I didn’t quite understand what Sharon meant by all that until I tried to get pain meds for Maria Germana, one of the warmest and sweetest ancianas, who keeps photos of MF staff with her, invites us to her home like family, and cries when we leave.

No tenemos los fundos, lo siento,” a staff member told me. We don’t have the funds, I’m sorry. What do you mean, you don’t have the funds?! These are just a few ancianos!

The reality is that, while Mayan Families have been doing pretty well with some programs, elderly care just doesn’t seem to be all that popular. As you’ve probably noticed, the flavor of the year in international development is sustainability (Teach a man to fish! Or at least grow an organic coffee bean). But the fact is that you cannot teach Dolores to fish. She convulses and can’t even get out of bed. If you want to help her (and I’m sure anyone who’d meet her would want to help), you have to catch the fish and feed it to her (or make sure someone else does).

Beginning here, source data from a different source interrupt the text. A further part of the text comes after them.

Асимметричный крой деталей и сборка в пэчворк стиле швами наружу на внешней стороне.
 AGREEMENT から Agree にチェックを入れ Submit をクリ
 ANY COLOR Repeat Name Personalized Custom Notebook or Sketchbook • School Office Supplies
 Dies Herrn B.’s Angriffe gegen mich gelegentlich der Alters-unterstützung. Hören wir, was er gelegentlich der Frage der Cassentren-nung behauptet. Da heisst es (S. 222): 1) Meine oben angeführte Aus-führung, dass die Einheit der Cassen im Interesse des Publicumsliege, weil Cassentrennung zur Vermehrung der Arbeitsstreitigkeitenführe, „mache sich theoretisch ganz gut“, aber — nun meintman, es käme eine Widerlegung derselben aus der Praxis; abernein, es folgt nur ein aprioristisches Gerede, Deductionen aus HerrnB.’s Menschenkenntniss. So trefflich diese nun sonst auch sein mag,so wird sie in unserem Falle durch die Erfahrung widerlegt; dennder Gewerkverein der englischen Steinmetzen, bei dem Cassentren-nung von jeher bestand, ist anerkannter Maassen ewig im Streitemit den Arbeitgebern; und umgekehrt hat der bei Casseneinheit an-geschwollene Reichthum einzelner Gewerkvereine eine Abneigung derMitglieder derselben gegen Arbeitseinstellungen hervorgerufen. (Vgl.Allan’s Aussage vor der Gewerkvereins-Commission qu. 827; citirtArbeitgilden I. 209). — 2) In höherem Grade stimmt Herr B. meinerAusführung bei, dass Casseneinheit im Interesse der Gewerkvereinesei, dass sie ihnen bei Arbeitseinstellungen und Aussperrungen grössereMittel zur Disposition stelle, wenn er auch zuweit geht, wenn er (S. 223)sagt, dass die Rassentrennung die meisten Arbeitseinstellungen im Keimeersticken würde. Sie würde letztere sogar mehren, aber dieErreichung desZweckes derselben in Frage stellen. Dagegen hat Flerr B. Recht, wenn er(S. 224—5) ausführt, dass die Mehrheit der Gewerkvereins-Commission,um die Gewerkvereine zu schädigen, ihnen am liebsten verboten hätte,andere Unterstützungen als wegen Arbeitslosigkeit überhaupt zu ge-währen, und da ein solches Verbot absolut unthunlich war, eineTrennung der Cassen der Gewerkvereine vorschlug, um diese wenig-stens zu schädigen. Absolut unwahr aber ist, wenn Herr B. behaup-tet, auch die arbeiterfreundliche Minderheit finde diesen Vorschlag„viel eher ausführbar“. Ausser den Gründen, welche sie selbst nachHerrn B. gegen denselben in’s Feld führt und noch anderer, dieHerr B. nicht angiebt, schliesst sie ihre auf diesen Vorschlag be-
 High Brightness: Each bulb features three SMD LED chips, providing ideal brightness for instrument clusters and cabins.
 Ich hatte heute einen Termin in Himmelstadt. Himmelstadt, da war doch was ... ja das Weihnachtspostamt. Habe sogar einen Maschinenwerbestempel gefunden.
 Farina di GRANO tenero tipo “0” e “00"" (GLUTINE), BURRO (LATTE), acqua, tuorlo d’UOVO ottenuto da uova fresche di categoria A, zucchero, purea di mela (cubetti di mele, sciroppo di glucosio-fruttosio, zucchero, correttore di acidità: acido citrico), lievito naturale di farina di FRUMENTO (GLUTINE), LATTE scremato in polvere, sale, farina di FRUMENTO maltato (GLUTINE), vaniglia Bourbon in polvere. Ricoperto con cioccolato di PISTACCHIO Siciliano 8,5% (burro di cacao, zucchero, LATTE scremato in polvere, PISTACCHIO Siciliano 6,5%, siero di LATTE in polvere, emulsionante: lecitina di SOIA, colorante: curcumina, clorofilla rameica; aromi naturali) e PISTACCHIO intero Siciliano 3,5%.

Like many others, I’m intimidated and sometimes paralyzed by the amount and complexity of world challenges we face. Even if you want to help, it’s very hard to decipher between the (trust)worthy movements and the unworthy ones.  With the ECP, though, I sleep with a clear conscience. Sure, my support of the Elderly Care Program doesn’t teach a man to fish, but it doesn’t disincentivize a man to fish, either. I may not be saving the environment or preparing the world for a growing population, but I am helping people who are alive now to live with dignity, minimal pain, and even happiness. I present to you a rare thing—a cause that is unambiguously good. And because the elderly care cause gets so little attention, your individual help—small as it may be—makes a tremendous, obvious difference. It is measured in sighs of relief as Maria Germana finally takes some pain medicine, in joy as Rosa hugs MF staff and chats with the other elderly care members during the lunch program, in every day of life that many of these people otherwise wouldn’t have.

Please consider helping. You can make (tax deductible) one-time or monthly donations to the ECP, and you can also sponsor an individual elderly person (someone listed on the ECP blog). To make a one-time donation to the Elderly Care Program, please click here and enter “Elderly Care Program” in the Other box. To sponsor an elderly person or make monthly contributions to the general ECP, please click here and put the details in the Other box.

Manuel Parajon enjoying some watermelon during the ECP lunch.

Maria Luisa Coraxon in the doorway of her room

Rosa saying thanks to the ECP donors. She has actually learned some English and says ¨thank you¨ to me!


  1. You’ve gotten it right and written it beautifully–the elderly care program is pure good. Nice job. Wish I was there too.

    • I wish it, too, Steph! Just got back from a baby shower for Lety. The entire MF staff crammed into two pickup trucks and went to a restaurant on the lake, all volcanoes visible. I took Pedro to the doctor today for a shot. He asked if Id come with him on Friday, too, and hugged me. All the ancianos are so sweet. Except one, who only knew that she knew me from somewhere, and tried to sell me some textiles. Manuel Parajon (the anciano brother) and I have smiling contests (he obviously wins). Ana Isabel finally has a wedding date (next month). The new staff and volunteers are great (but I already knew that, given their work). And Mayerlin says hi. And ¨whats crackin,¨ she asks (although I already told her whats cracking). Also, her hot water doesnt work, so that means 2 weeks of cold showers for me. YES! Seno Helen has been running very successful diabetes clinics and elderly clinics each month. Also, I cant find the apostraphe on this Guatemalan keyboard, sorry about that.